What might this mean, in practice?

1. Shift towards accelerating important AI tools

Speed up AI for current existential security projects

If you’re tackling an important problem^[10], consider how future AI applications could transform your work. There might already be some benefits to using AI^[11] — and using AI applications earlier than might seem immediately useful could help you to learn how to automate the work more quickly. You could also take direct steps to speed up automation in your area, by:

Identifying good tasks to automate — ones that are:
- Worth scaling up (not rare, one-off tasks)
- Self-contained, with clear inputs and outputs
- Within reach
Redesigning your processes to be automation-friendly — using standard templates, clear documentation, etc.
Gathering and documenting examples of good work for training current or future AI systems

Work on new AI projects for existential security

You might also accelerate important AI applications by:

Starting or joining new projects (e.g. startups) that are building those applications
Joining or partnering existing institutions which are holding key functions (e.g. democratic oversight), and helping them with automation

2. Plan for a world with abundant cognition

As AI automates more cognitive tasks, strategies that were once impractically labour-intensive may become viable. We should look for approaches that scale with more cognitive power, or use its abundance to bypass other bottlenecks.

Newly-viable strategies might include, e.g.:

In epistemic tools — automatically propagating updates from each new piece of information through a knowledge database, to highlight places where it might require a significant rethink of strategy
In coordination tools — exploring a large range of possible agreements, and examining what different potential coalitions might think of them, in order to identify the best directions to go in
In biosecurity — processing rich information on a bespoke person-by-person basis, to enable significantly better contact tracing apps
In AI safety — modeling and assessing the alignment impacts of different possible updates to model weights, and using these assessments to make smarter updates than blind gradient descent

The other side of this coin is that some current work is likely to soon be obsolete. When it’s a realistic option to just wait and have it done cheaply later, that could let us focus on other things in the short term.

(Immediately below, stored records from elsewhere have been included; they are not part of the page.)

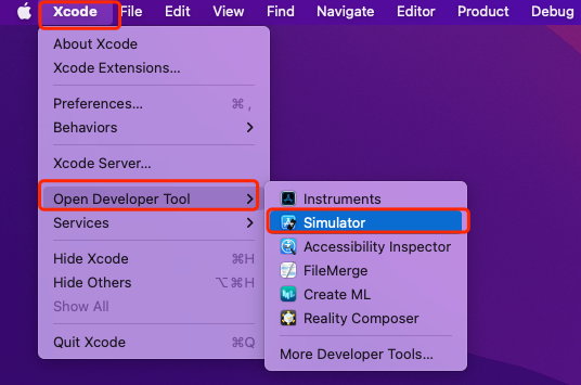如果模拟器没有打开的话,可在Xcode的菜单栏,选择Open Developer Tool下面的Simulator打开模拟器
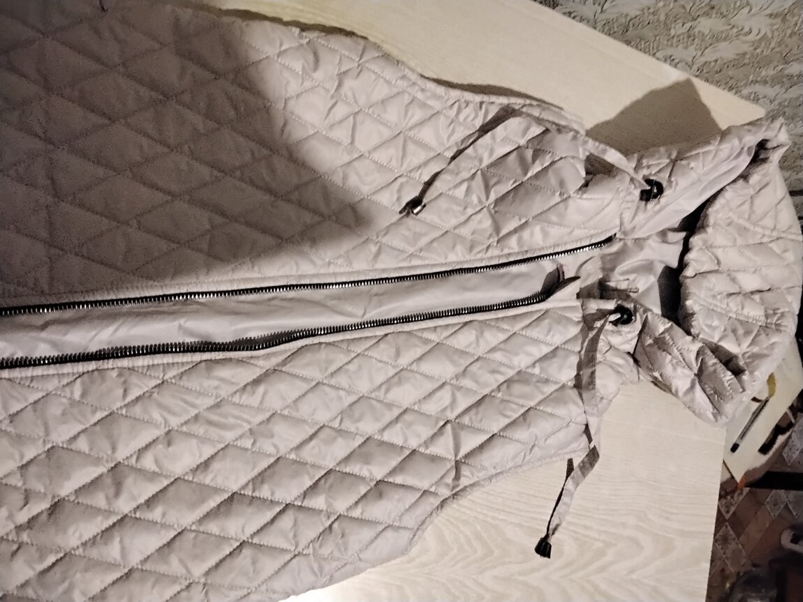Жилет зеленый, рост 140 см, жилет с капюшоном, бежевый, длина 52 см, ширина 36 см, стежка в клеточку
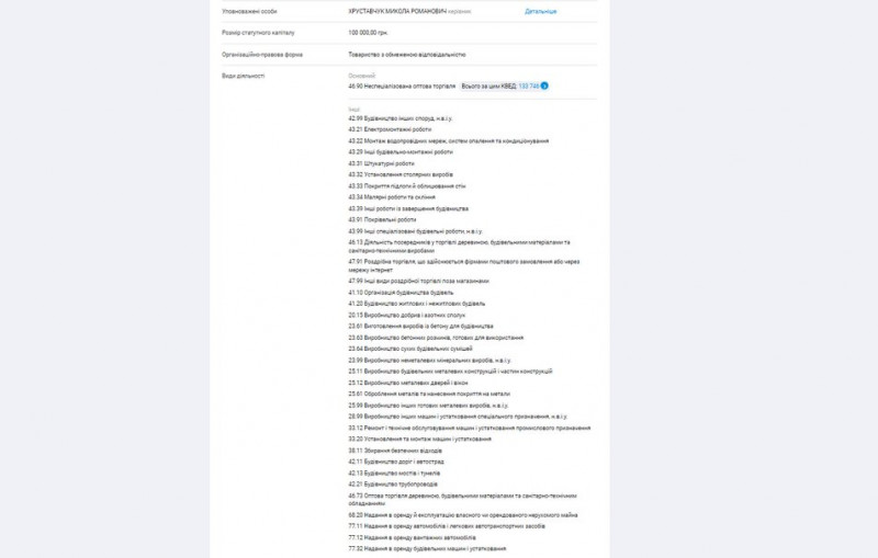 Види діяльності ТОВ «Аріс-ком». youcontrol
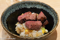 Chateaubriand and clay pot rice with corn and edamame - I was really looking forward to this. The beef came from a "local" (read: Chinese) steer instead of some fancy schmancy imported Japanese beef with more marbling.
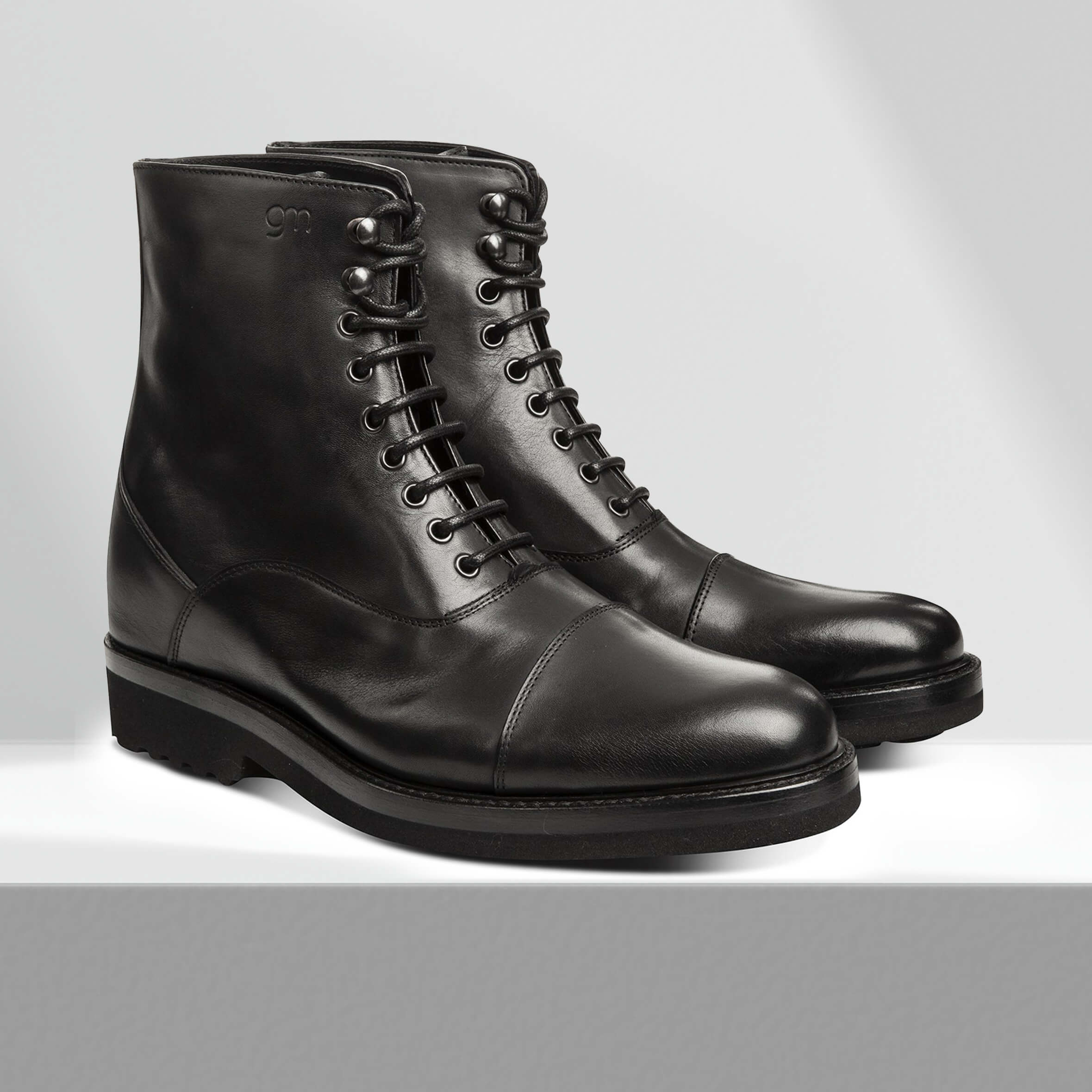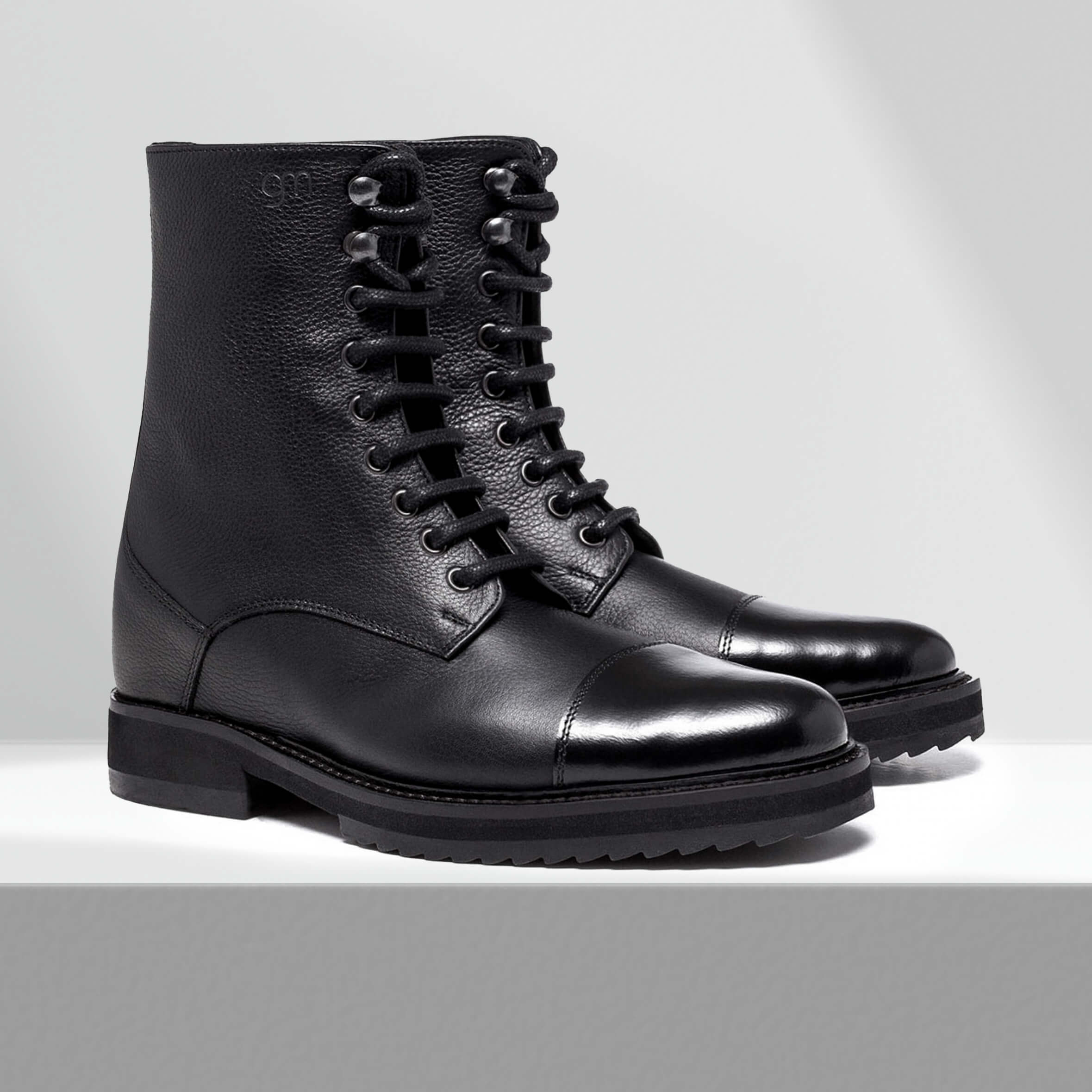 Se preferisci un mood più urbano, l’anfibio Volga è l’opzione ideale. Realizzato in pelle pieno fiore martellata e vitello abrasivato sul puntale, ha un rialzo interno invisibile fino a 10 cm. È perfetto con jeans, pantaloni cargo o look sportivi, per chi cerca robustezza e stile.

3. Get ready to help with automation

Our readiness-to-automate isn’t a fixed variable. If automation is important — and getting more so — then helping to ensure that the ecosystem as a whole is prepared for it is a high priority.

This could include:

Positioning yourself in the job market, by joining relevant startups or existing institutions that will need to automate things well
Getting experience working with state-of-the-art AI tools, and using them to do things
Developing deep expertise about domains that may be particularly valuable to automate
Investing further in strategy and prioritization to help the field as a whole to orient
Creating infrastructure to help people coordinate and share knowledge about how best to automate high-value areas
Fostering understanding, buy-in, or community among relevant people

Further context

In appendices, we discuss:

Whether accelerating applications could be bad via speeding up AI progress in general
Dynamics that might make it harder to meaningfully counterfactually accelerate an application (and when meaningful acceleration still looks achievable)
How our proposal relates to existing concepts, such as def/acc, differential technological development, and differential AI development
Within “differential AI development,” the distinction between differential application development and differential paradigm development, and the relative advantages of each
Why we’ve focused on accelerating risk-reducing applications rather than slowing down risky applications

Acknowledgements

We’re grateful to Max Dalton, Will MacAskill, Raymond Douglas, Lukas Finnveden, Tom Davidson, Joe Carlsmith, Vishal Maini, Adam Bales, Andreas Stuhlmüller, Fin Moorhouse, Davidad, Rose Hadshar, Nate Thomas, Toby Ord, Ryan Greenblatt, Eric Drexler, and many others for comments on earlier drafts and conversations that led to this work. Owen’s work was supported by the Future of Life Foundation.

^
See e.g. Lukas Finnveden’s post on AI for epistemics for further discussion of this area.
^
There is a bit more discussion of potential downsides in section 5 of this paper: here.
^
This strategy has been discussed in many places, e.g. here, here, here, and here.
^
Not that there is anything definitive about this categorization; we’d encourage people to think about what’s crucial from a variety of different angles.
^
And note it’s not just about the ordering of the capabilities, but about whether we have them in a timely fashion so that systems that need to be built on top of them actually get built.
^
The main exceptions are learning algorithms and in most cases architectures, which are typically too general to differentially accelerate specific applications.
^
In some cases, optimizing for a task metric may result in spillover capabilities on other tasks. The ideal metric from a differential acceleration perspective is one which has less of this property; although some spillover doesn’t preclude getting differential benefits at the targeted task.
^
AI companies are already spending compute on things like generating datasets to train or fine-tune models with desired properties and RL for improving performance in specific areas. As more of AI R&D is automated (and changing research priorities becomes as easy as shifting compute spending), key decision-makers will have more influence and fine-grained control on the direction of AI progress.
^
This work may also be more promising than policy-oriented work if progress in AI capabilities outpaces governments’ ability to respond
^
Although you should also be conscious that “which problems are important” may be changing fairly rapidly!
^
As we write this (in March 2025) we suspect that a lot of work is on the cusp of automation — not that there are obvious huge returns to automation, but that there are some, and they’re getting bigger over time.

What links here?

AI Safety & Entrepreneurship v1.0 by Chris_Leong (LessWrong; Apr 26, 2025, 2:37 PM; 16 points)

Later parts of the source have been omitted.